▸ Data to examine
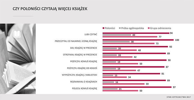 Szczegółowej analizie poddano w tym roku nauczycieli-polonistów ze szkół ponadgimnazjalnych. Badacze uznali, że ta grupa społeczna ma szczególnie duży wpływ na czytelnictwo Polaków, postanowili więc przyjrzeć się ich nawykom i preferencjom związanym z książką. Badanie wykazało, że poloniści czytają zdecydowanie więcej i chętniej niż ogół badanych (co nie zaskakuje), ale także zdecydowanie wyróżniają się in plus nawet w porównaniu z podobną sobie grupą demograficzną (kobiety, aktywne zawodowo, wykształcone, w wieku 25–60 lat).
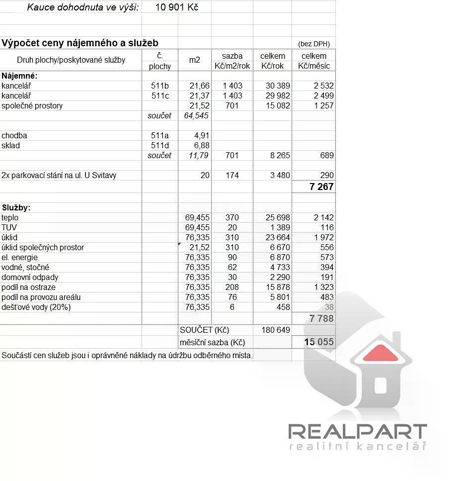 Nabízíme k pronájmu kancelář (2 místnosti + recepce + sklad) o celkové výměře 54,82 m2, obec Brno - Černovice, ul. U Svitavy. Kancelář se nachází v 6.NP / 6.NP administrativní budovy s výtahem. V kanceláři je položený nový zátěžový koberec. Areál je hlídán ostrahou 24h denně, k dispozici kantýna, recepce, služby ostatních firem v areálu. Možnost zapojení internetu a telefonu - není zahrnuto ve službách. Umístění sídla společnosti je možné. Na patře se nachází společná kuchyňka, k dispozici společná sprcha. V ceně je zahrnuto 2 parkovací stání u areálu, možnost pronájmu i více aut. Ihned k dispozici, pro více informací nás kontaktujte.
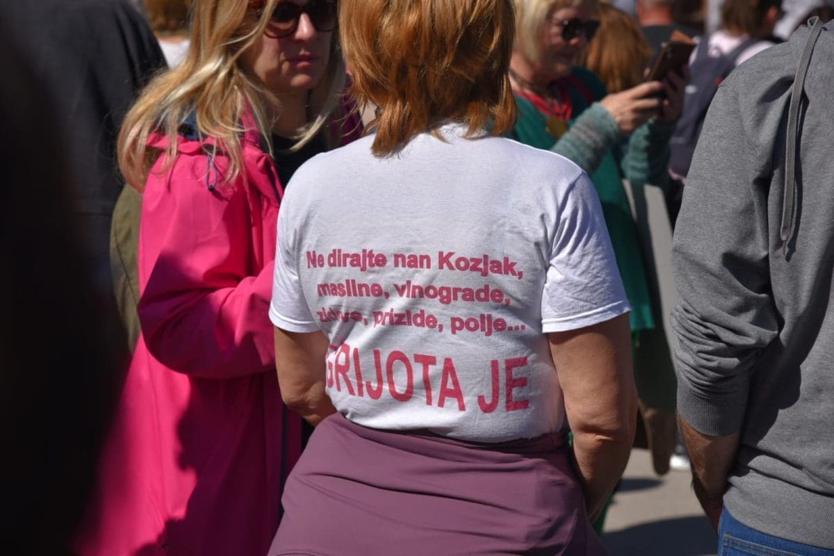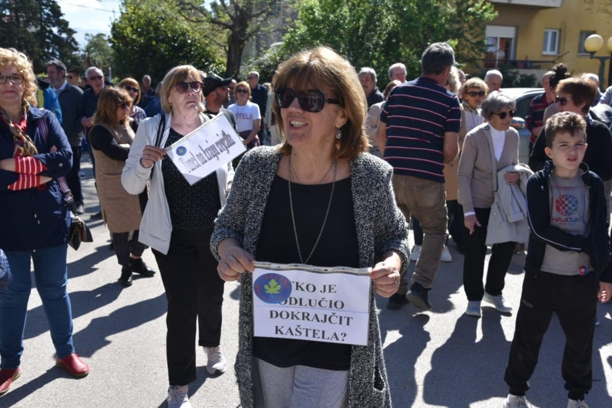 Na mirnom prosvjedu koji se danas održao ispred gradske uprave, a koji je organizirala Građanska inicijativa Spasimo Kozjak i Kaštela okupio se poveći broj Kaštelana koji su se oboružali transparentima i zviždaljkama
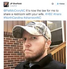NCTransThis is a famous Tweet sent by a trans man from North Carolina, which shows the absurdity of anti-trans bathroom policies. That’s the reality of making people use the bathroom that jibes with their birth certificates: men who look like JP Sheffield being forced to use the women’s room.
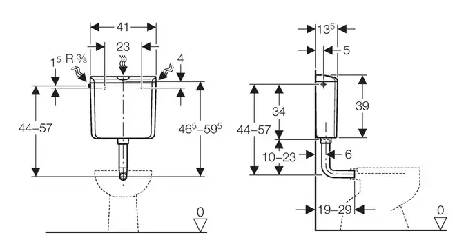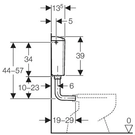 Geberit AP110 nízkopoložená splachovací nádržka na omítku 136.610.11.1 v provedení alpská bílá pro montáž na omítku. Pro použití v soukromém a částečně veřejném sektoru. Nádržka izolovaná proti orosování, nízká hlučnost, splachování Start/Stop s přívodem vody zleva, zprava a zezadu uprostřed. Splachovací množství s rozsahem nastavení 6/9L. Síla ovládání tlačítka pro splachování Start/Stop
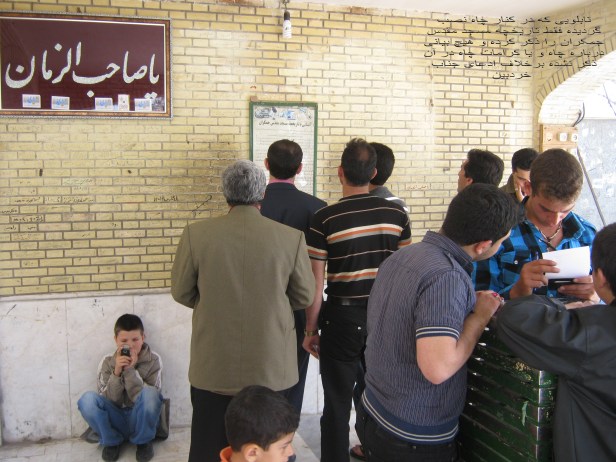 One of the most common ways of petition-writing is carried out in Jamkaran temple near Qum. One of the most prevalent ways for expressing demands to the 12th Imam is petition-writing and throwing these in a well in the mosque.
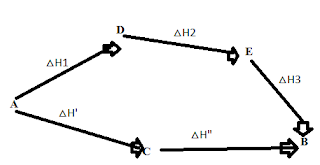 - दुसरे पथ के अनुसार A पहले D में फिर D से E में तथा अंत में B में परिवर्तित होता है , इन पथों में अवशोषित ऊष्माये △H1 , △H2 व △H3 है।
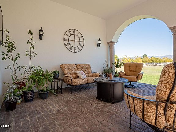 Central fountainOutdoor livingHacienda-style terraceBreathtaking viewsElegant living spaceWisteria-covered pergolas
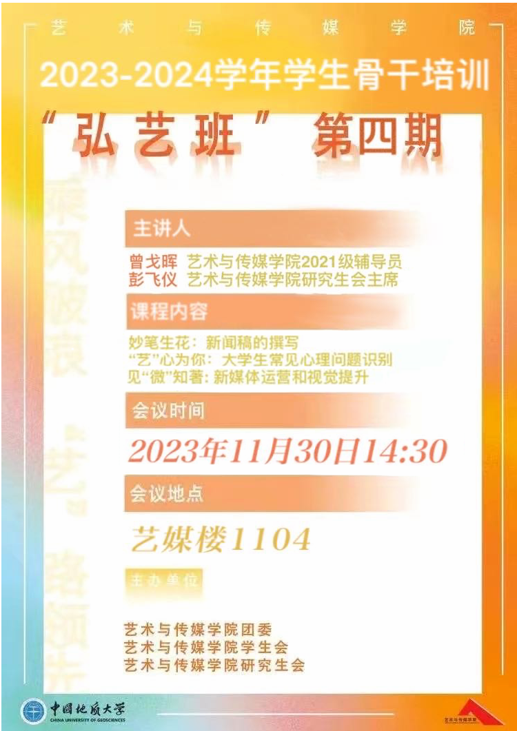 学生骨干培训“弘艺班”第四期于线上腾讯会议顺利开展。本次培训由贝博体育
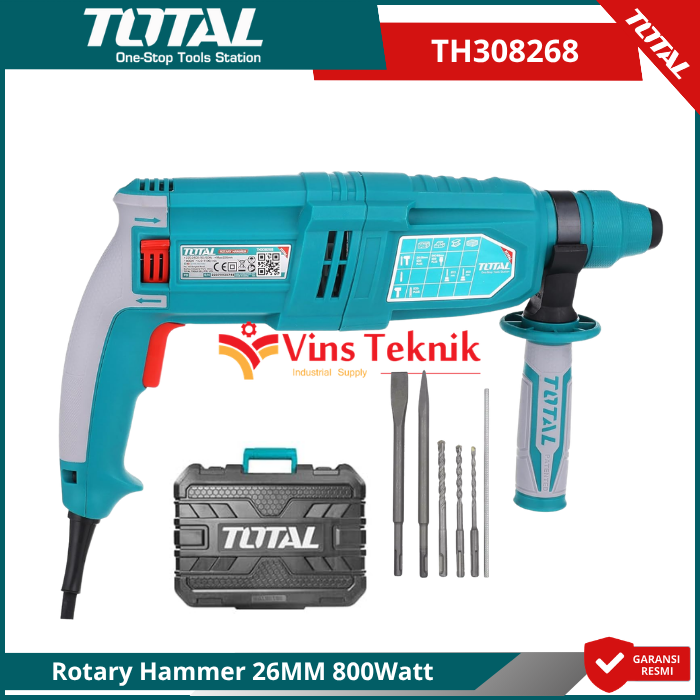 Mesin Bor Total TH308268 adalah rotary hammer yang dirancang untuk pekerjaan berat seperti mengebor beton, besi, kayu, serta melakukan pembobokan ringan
==
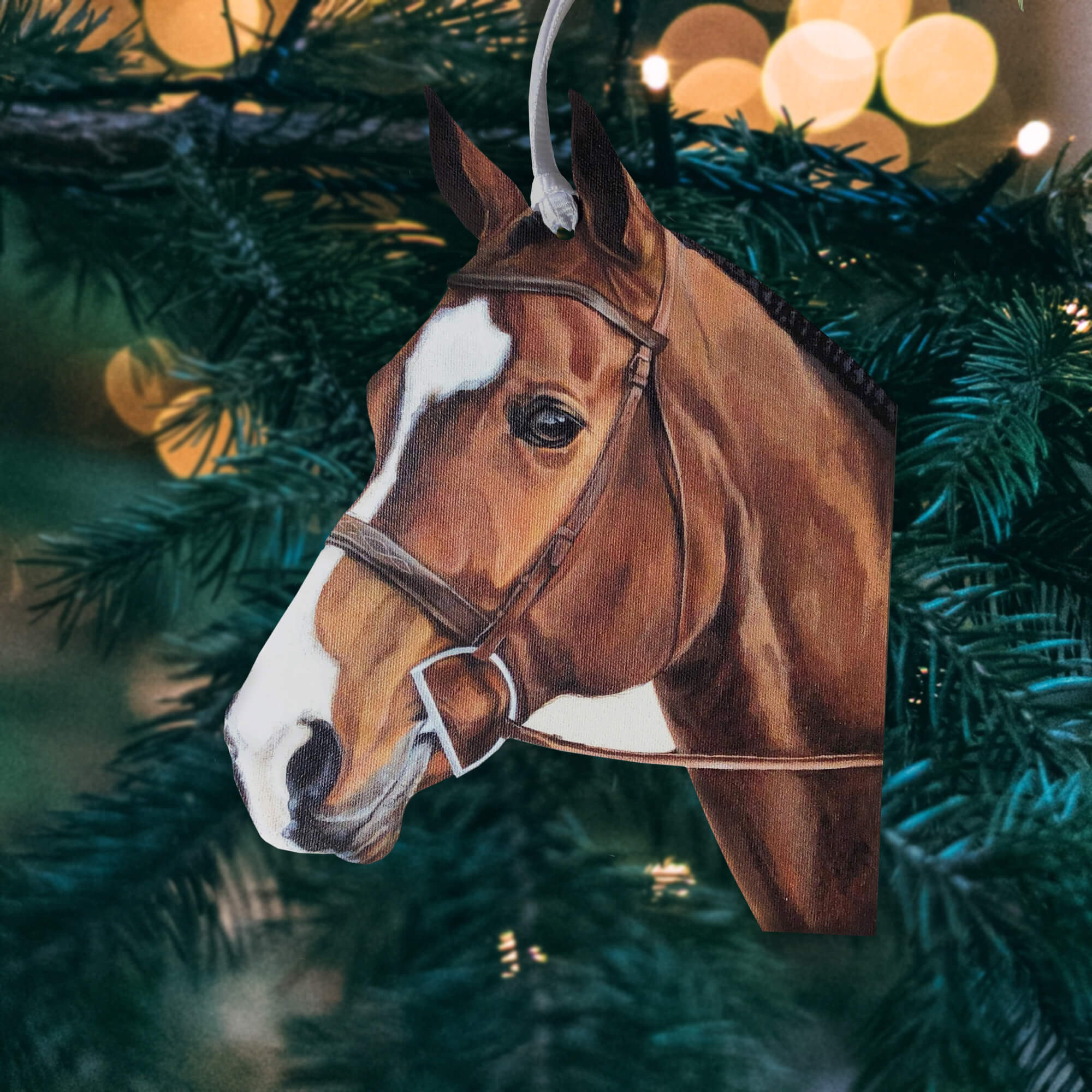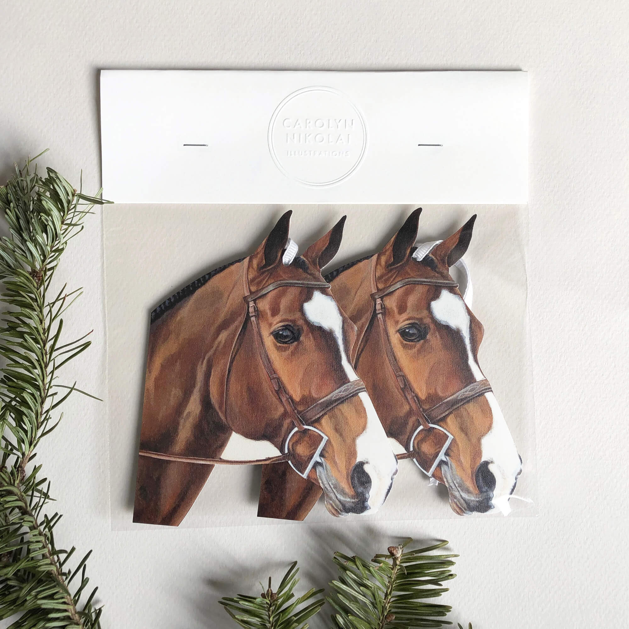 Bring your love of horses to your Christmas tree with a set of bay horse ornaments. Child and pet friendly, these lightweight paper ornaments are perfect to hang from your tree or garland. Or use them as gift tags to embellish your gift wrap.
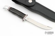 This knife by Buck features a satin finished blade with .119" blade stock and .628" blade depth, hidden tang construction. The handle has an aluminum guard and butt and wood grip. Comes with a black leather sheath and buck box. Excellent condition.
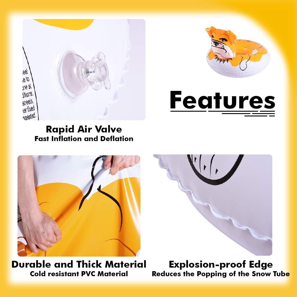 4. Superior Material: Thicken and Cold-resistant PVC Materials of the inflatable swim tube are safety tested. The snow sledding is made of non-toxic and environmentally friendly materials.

▸ Aim of the task
Go back to the listing above and reproduce, exactly, the stretch from the line bearing "Central fountainOutdoor livingHacienda-style" through the line bearing "Mesin Bor Total", without its pictures.

▸ Solution
 Central fountainOutdoor livingHacienda-style terraceBreathtaking viewsElegant living spaceWisteria-covered pergolas
 学生骨干培训“弘艺班”第四期于线上腾讯会议顺利开展。本次培训由贝博体育
 Mesin Bor Total TH308268 adalah rotary hammer yang dirancang untuk pekerjaan berat seperti mengebor beton, besi, kayu, serta melakukan pembobokan ringan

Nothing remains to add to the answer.